Supplementary material
The supplementary material for this article can be found at https://doi.org/10.1017/S2045796019000568.
Data
The Australian Data Archive (ADA) provided us with the YMM data. We are not able to directly share the YMM survey data but researchers in- and outside of Australia can apply for the data with the ADA. The data application form, documentations, and, ones ADA granted access, the data itself can be accessed here.

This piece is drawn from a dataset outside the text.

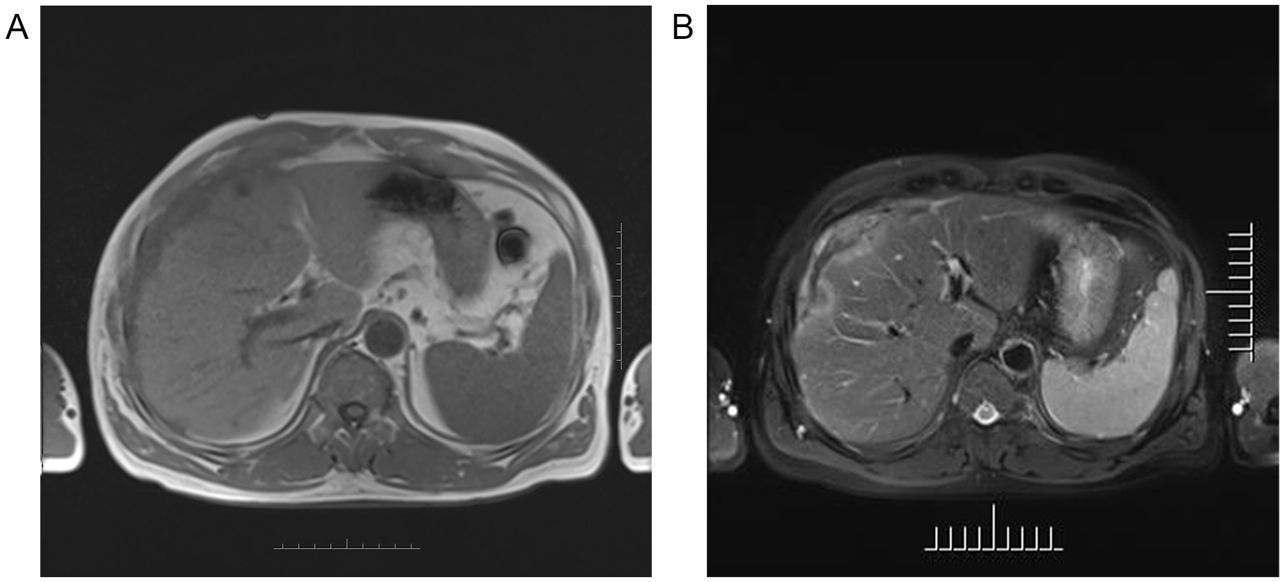 Axial MR images of the upper abdomen showing the lesion in the right subdiaphragm and right anterior and left medial lobe of the liver demonstrated intermediate-to-low intensity on T1-weighted images (A), and central intermediate-to-low intensity and peripherally intermediate-to-high signal on T2-weighted image (B).

Stata and R scripts that were used for statistical analyses in this publication can be found in the online Appendix (online Supplementary eMaterial 2).
Acknowledgements
We would like to thank all the families that participated in the survey; the survey team and reference group for implementing the survey; the University of Western Australia, the Telethon Kids Institute, Roy Morgan Research and the team of interviewers for conducting the survey.
Financial support
N.S. was funded by the Swiss National Science Foundation (SNSF) Early Postdoc. Mobility fellowship (grant number: P2BEP3_181901). N.S.'s funders had no role in study design, data collection and analysis, decision to publish or preparation of the manuscript. This study uses data from the Young Minds Matter survey which was funded by the Australian Government Department of Health.
Conflict of interest
None.
Ethical standards
The Ethics Committee of the Australian Government Department of Health approved the survey and the Human Ethics Research Office of the University of Queensland exempted the current study from ethics review.